In 1972 he, together with Rev A B Ndebele and Mr James Tallach, completed the translation of all the Psalms into Ndebele (a selected number were already in use), and in 1965, the Shorter Catechism was translated – largely by Mr Mzamo.
A difficult period affected the whole country, Mbuma included, during the Independence War struggle in the late 1970s and the early 1980s. In 1978 the school at Mbuma was set on fire. Mr Mzamo was away at the time; but, later that year, he became unwell and went away to Ingwenya, to the Gwazagwaza area of the Fingo Location. In March 1981 the Hospital at Mbuma was re-opened and Rev J R Tallach (also the doctor at the Hospital) was made the interim moderator. But again, in 1983, there was a further disruption and Dr Tallach, who had to leave, returned to Scotland.
Mr Mzamo, whose health had improved, returned to Mbuma as minister in 1983. In later years, the Hospital, which was closed during disturbances, re-opened and the Mission staff returned and often consulted with him on spiritual matters. Over the next period of more than 20 years, he continued his regular preaching at Mbuma and its congregations and at communion services in the Church. He also attended various Mission meetings and his contributions and opinions were of value. His Christian witness was strong.
At the Presbytery meeting in October 2006, Mr Mzamo gave notice of his retiral in December that year. He made it clear how attached he was to the Mbuma congregation, in which he had laboured for nearly 50 years, as well as in other areas in the Nkayi district. It was not easy for him but he was encouraged by Spurgeon’s words that, when a minister is leaving a congregation, he must leave it to the Lord. He encouraged them to continue in the Free Presbyterian doctrine and exhorted them that their lives should be according to the gospel.
After his retirement, he continued to be a member of the Presbytery, where his contributions were full of experience and wisdom. Having moved from Mbuma to Bulawayo, he helped in preaching when possible. Mr Mzamo helped in the Bible revision translation while he was able, by checking the text and giving his opinion where necessary. His interest in Mbuma was evident, as he and his wife attended the Mbuma communion seasons, whenever possible, and were well received by the congregation. Mrs Mzamo had been a great help in many ways. They had been most hospitable to guests at communion seasons.

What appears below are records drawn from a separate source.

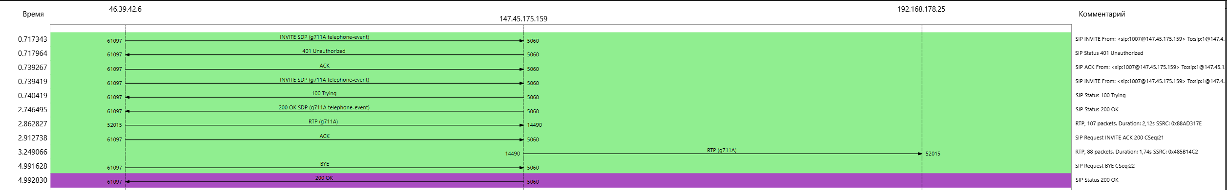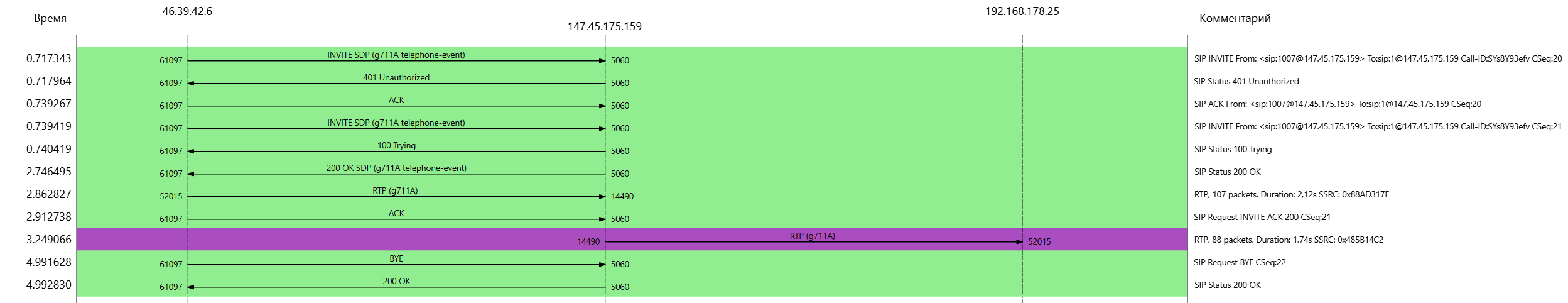 Важная зацепка: выделенный фиолетовым цветом RTP поток - содержит звук! Это важно, потому, что спектр поиска теперь смещается от самого asterisk к правильному построению диалога между участниками.
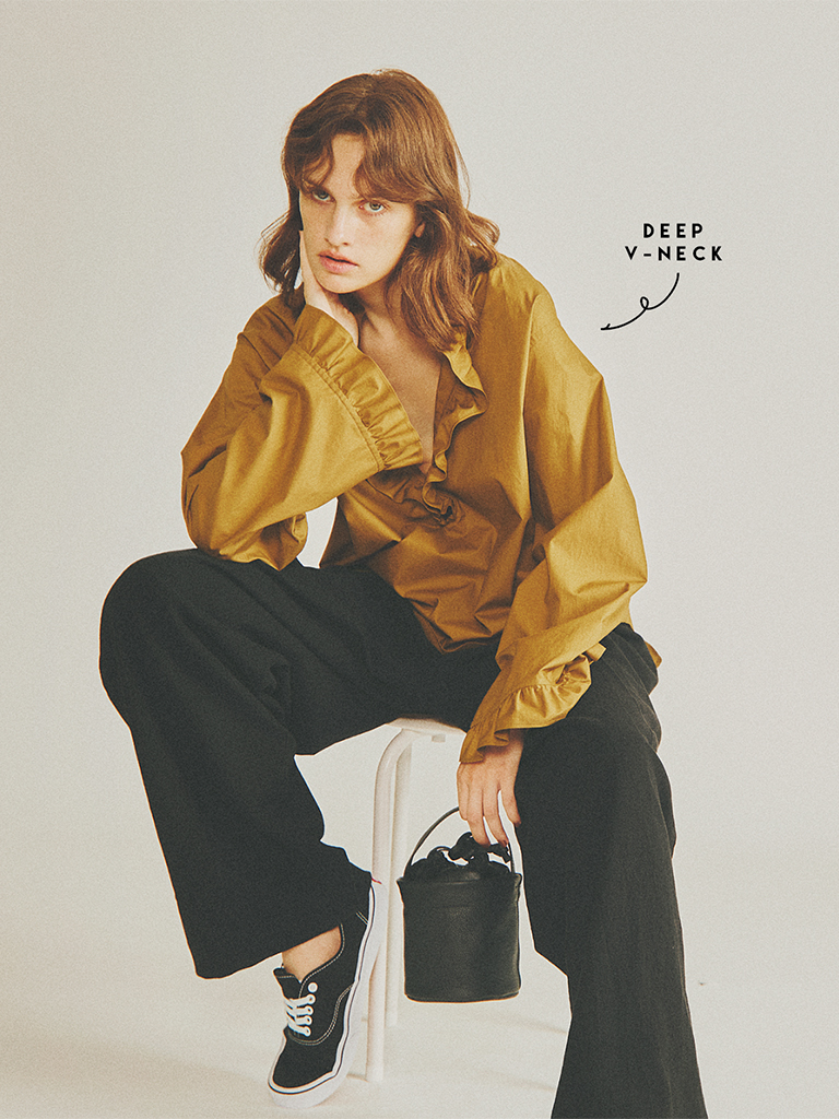 深く開いたVネックとハリのある生地がキレをもたらし、大ぶりなフリルをクールに転換。ボリュームが出すぎず、ワイドパンツとでも見た目はスマート。デコルテの色香と渋色で大人びた甘さへ。パンツもボーイズではなくメンズライクなものを。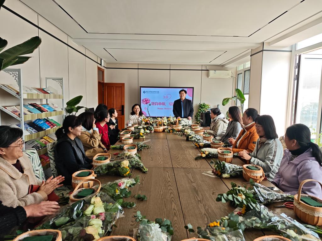 为庆祝第115个“三八”国际劳动妇女节,丰富学院教职工文化生活,提升女教职工幸福感与凝聚力,青岛大学电竞菠菜 于3月6日下午在德润楼207会议室举办“教育巾帼 绽放芳华”主题插花活动。学院党委书记刘清亮及30余名女教职工共同参与,在花香中感受春日美好,共度温馨节日。

Mr Mzamo’s regular practice of reading the Bible and religious books continued, his Bible being his companion – as one who seeks those things which are above, where Christ sits on the right hand of God: “Set your affections on things above, not on things on the earth” (Col 3:1-2). One of his desires, which he often expressed in prayer, was that another pastor would be set over Mbuma. This the Lord has now answered.
On 7 July 2012, Mr Mzamo was removed from this sinful world to be with his Master. “There remaineth therefore a rest to the people of God” (Heb 4:9). On the day of his funeral, worship was conducted at Lobengula church, in Bulawayo. A large number of people, relatives and friends from all parts of the Church in Zimbabwe attended. His mortal remains were laid at Westpark Cemetry in Bulawayo. He left behind his wife, Mrs T Mzamo, and his three sons (living in South Africa and the USA) and his three daughters in Bulawayo. May they depend on the Lord, who said, “My grace is sufficient for thee: for My strength is made perfect in weakness” (2 Cor 12:9).
“Remember them . . . who have spoken unto you the Word of God; whose faith follow, considering the end of their conversation” (Heb 13:7).
Rev S Khumalo.
[This obituary was originally printed in the January 2015 issue of the Free Presbyterian Magazine.]